Before you head out:Spending a bit of time on basic preparations can really pay off in the end, and give you the peace of mind to enjoy your vacation without worry. Here are some ideas to consider.
- If you are travelling to the United States, you’ll definitely want travel insurance for your family (and you may want to ask about if you’re traveling within Canada but out of province from Ontario.) Speak to your local Eastern Ontario insurance broker about your options to make sure that you’re well-covered for whatever may arise.
- Make sure your oil is topped up and other fluids (coolant, washer fluid, etc.) are good to go.
- Inflate your tires to the proper PSI. Not only are properly-inflated tires safer, giving you better control on the road, having properly inflated tires can also help you avoid getting a flat. And perhaps best of all, they’re also likely to save you fuel on those long journeys.

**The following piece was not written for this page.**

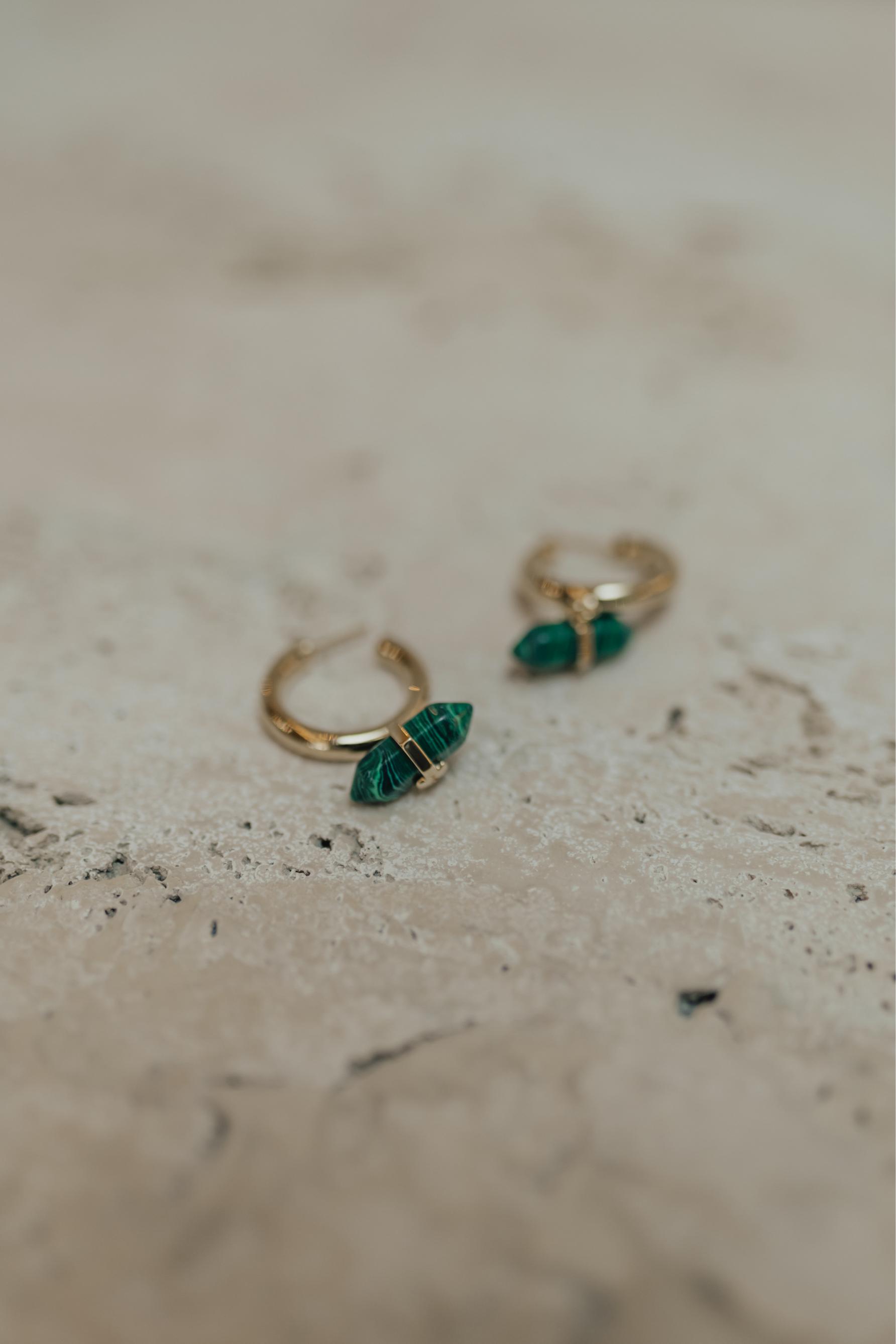 Brinco de argola clássica com pingente de pedra natural ametista.
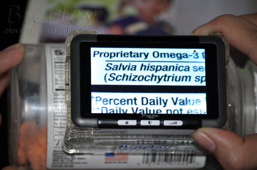 Maggie-Pro is an ultra-compact handheld electronic magnifier that you can easily slip into most purses or pockets, and even some wallets. It offers 4 magnification levels (4x, 6x, 8x and 11x) and two bright LED's for dim lighting conditions which can also be used as an emergency flashlight. Freeze allows you to capture an image on the 3-inch wide screen LCD for closer examination, plus an Acrylic stand is included for hands free use.

- Review your route for the day’s journey one last time before beginning the trip; having that familiarity with the route might make it easier in the event you do get lost or run into trouble. You certainly don’t want to be constantly looking down or over at your GPS, and having a good idea of the route can guide you in the event of detours related to contruction, road closures, or other unforeseen circumstances.
- If you belong to an auto club such as the CAA, ensure that your membership is up to date.
- If you don’t have one already, add an emergency kit to your vehicle. Items may include a tire repair kit and pump, flares, jumper cables, water, snacks, a first aid kit, a flashlight and more.
On the road:
- Travelling with a pet? Experts recommend that dogs should be either held in with a purpose-designed harness, or in a well-ventilated crate that is restrained. Easier said than done with some animals, but by the same token, better safe than sorry – in the event of a collision, pets can be launched forward through the air.
- Allowing pets to roam free throughout the vehicle can also prove to be a distraction for drivers.
- Make it a policy to not allow the gas below 1/3rd of a tank, just in case you run into unexpected traffic, weather, or other delays.
- When making a stop during your road trip, keep your valuables well-hidden out of view to reduce the risk of a potential smash-and-grab.
- Set a daily limit of how many hours you can drive, and stick to it. Reaction time and attention fades as you get more tired, and fatigued driving can be dangerous. Additionally, long drives can be tedious, causing your attention to wander.
- If there are multiple drivers, share the driving duties (but check that your auto insurance allows for this beforehand).
- Avoid distracted driving – safely pull over into a well-lit area if you need to make a call or view a text message.